Filho de um profissional de Educação Física, João cresceu dentro do universo esportivo e hoje transmite isso aos filhos. “Meu pai é professor de Educação Física, então a atividade física sempre fez parte da minha educação. Hoje, eu vivo isso e levo para dentro da minha casa, com meus filhos”, afirma.

Além da vivência familiar, o servidor já acumula conquistas expressivas: completou o Ironman Brasil, o Ironman 70.3, quatro maratonas, uma ultramaratona de 75 km e duas provas de 100 km.

Treinos no Parque dos Poderes

Grande parte da preparação ocorre no Parque dos Poderes, em Campo Grande, espaço que se tornou referência para treinos de alta intensidade. O local oferece vias estruturadas, pistas adequadas e academias ao ar livre que servem tanto a iniciantes quanto a atletas avançados.

O secretário de Estado de Turismo, Esporte e Cultura, Marcelo Miranda, reforça a importância do ambiente. “Quando vou fazer atividade física no Parque dos Poderes, muitas vezes encontro o João treinando. Isso mostra como o espaço é vivo e cumpre sua função de estimular hábitos saudáveis e também preparar atletas para grandes desafios”, afirma.

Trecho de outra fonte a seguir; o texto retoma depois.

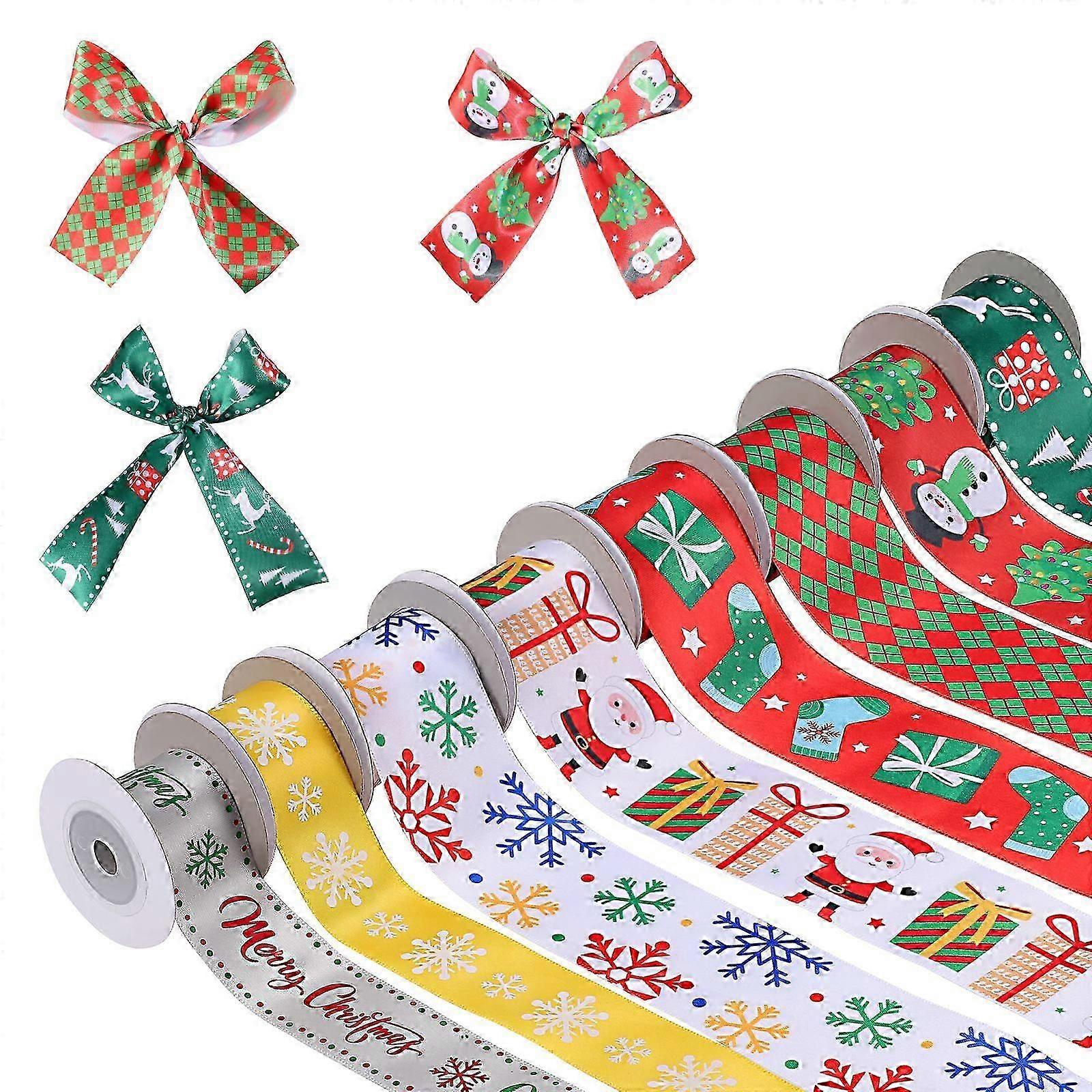 Healifty 8 Rolls Christmas Decorative Ribbon Set Gift Wrapping Ribbon Xmas Printed Ribbons Decoration

Ele destaca ainda que o parque passou por revitalização, ampliando a qualidade das estruturas esportivas. “Hoje, o Parque dos Poderes oferece uma estrutura completa, com asfalto de qualidade, pistas bem conservadas, academias ao ar livre e um ambiente que favorece tanto quem está começando quanto atletas de alto rendimento”.

Representando MS no circuito extremo

João também se dedica a levar a identidade sul-mato-grossense para onde compete. No Patagonman, ele já era o único representante do Estado — cenário que se repete na Fodaxman. Para marcar presença, chegou a personalizar o capacete com as cores de Mato Grosso do Sul. “Quero mostrar que aqui no estado também existe triathlon de alto nível, gente disciplinada, gente que treina e vive o esporte”, afirma.

Ele contará com apoio do pai e do irmão, ambos com experiência esportiva e militar, para garantir logística, hidratação e alimentação ao longo do percurso. “A prova exige apoio. Não dá pra fazer sozinho. Ter minha família comigo faz toda a diferença”.

Com temperaturas variando entre 5 °C e 35 °C, grande altimetria e longas horas de esforço, a Fodaxman é considerada uma das provas mais duras do país. Mas João encara o percurso como uma jornada de significado pessoal. “Você vai para sofrer, mas é um sofrimento bom. A paisagem, o ambiente, tudo isso dá força. O esporte, às vezes, parece só um detalhe. O que vale é a experiência”, diz.